The greenery decorating churches and homes at Christmas powerfully symbolizes the new and enduring life we now receive in Christ. This is made possible by the Incarnation, as St. Cyril of Jerusalem notes in a fourth century homily: “Let us believe in Jesus Christ,” he says, “as having come in the flesh and been made Man, because we could not receive Him otherwise. For since we could not look upon or enjoy Him as He was, He became what we are, that so we might be permitted to enjoy Him.”
04. Conclusion
The purpose of Christ’s Incarnation—”that He might raise up the formerly fallen image” of humankind—is also clear in the Forefeast prayer. The Incarnation is not merely an exercise of divine power, a selfish grab for glory in the eyes of men. God’s purpose is redemptive. As St. Cyril says, “Christ became what we are, that so we might be permitted to enjoy Him.”

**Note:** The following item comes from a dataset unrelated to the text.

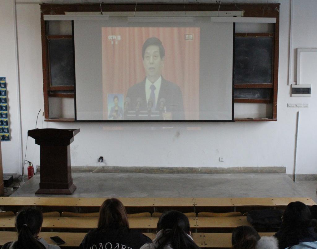 3月8日下午,英国上市公司365在北区六号教学楼106室组织新疆籍学生观看全国“两会”视频。学院辅导员侯明佳和新疆籍学生到场学习。

The Nativity is a miracle; in some ways it is the miracle of Christianity. The Nativity is an apocalypse, an unveiling of the God of Light to a world grown dark. The Nativity is a gift, God offering himself to his own creation in their very form. And it is a promise of eternal communion with God, one that springs like a beautiful tree from the “seed of the woman.” If we will allow our celebrations to be formed by the truth, and to form us in turn, Christmas can become more than a holiday. It will form the foundation of an incarnational spirituality that will transform not only our lives but our communities around us.
05. Practices to Consider
- Bring more light into your holiday celebrations. Consider making an Advent wreath part of your family’s celebration of the Christmas season. The center white candle, the Christ candle, should be lit on Christmas Eve. Consider waiting (as some Eastern churches do) for the first star to appear before you light it.
- Reorient your ideas about gift-giving and -receiving. Look for an opportunity with others—your family, your small group—to give alms, especially to give something that is not merely money. Chapter 8, “Outward Simplicity: Longer Strides,” in Richard Foster’s Freedom of SimplicityRichard Foster’s Freedom of Simplicity(New York: HarperCollins Publishers, 1981). identifies several “gifts” you may not have considered. For additional fuel for a radical reorientation, consider reading Bill McKibben’s Hundred Dollar Holiday (New York: Simon & Schuster, 1998).
- Go green. Expand the green in your holiday experiences. Find some holly of your own (you may only have to visit your hedges!) and create a visual reminder of the painful cost and poignant reality of eternal life with God.